I'm thinking I would need 6 different CLR splitters, just as an initial count.
September 24, 2010 at 12:48 am
UMG Developer (9/23/2010)
I know I should just test this, I might if I had the tools installed and knew how to make/build CLRs...
If you trust me, you can just run the CREATE ASSEMBLY and CREATE FUNCTION statements from SSMS. There's no need to build it from the source code.
...but have you tested if there is much of a performance difference if the CLR didn't handle UNICODE characters? (Would it be better to have two versions, one that handles VARCHAR and one that handles NVARCHAR?)
You can't pass anything other than Unicode to SQLCLR code.
Same with the sequence field, sometimes I would want that and other times I wouldn't. Could that be an option controlled by a parameter, or should it be yet another version?
If you don't want the sequence field, simply omit it from your query. There would be no advantage in coding a function that did/did not produce the sequence column.

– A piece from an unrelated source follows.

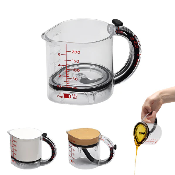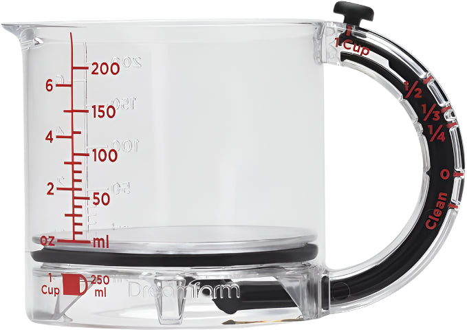 Upcup’s adjustable base raises to create 250ml (1 cup), 1/2 cup, 1/3 cup, and 1/4 cup measurements, all in a single cup

I'm thinking I would need 6 different CLR splitters, just as an initial count.
I hope you can now see that just one will be fine.
Paul White
SQLPerformance.com
SQLkiwi blog
@SQL_Kiwi
September 24, 2010 at 2:28 pm
Paul White NZ (9/24/2010)
If you trust me, you can just run the CREATE ASSEMBLY and CREATE FUNCTION statements from SSMS. There's no need to build it from the source code.

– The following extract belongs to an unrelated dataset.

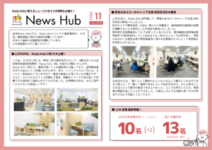 11月号では、12月1日よりオープンする「Study Hub 川崎」に関する情報、Study Hub 浅草橋で行われた「障害のある方へのキャリア支援 啓発交流会を開催」の開催報告、就職実績速報などについて紹介しています。

For this one, but for other modifications I would need to build it unless you want to make all the test versions for me.
You can't pass anything other than Unicode to SQLCLR code.
Good to know, thanks!
If you don't want the sequence field, simply omit it from your query. There would be no advantage in coding a function that did/did not produce the sequence column.
So there is no overhead in the SQLCLR calculating/returning the column when it isn't involved in the query?
I hope you can now see that just one will be fine.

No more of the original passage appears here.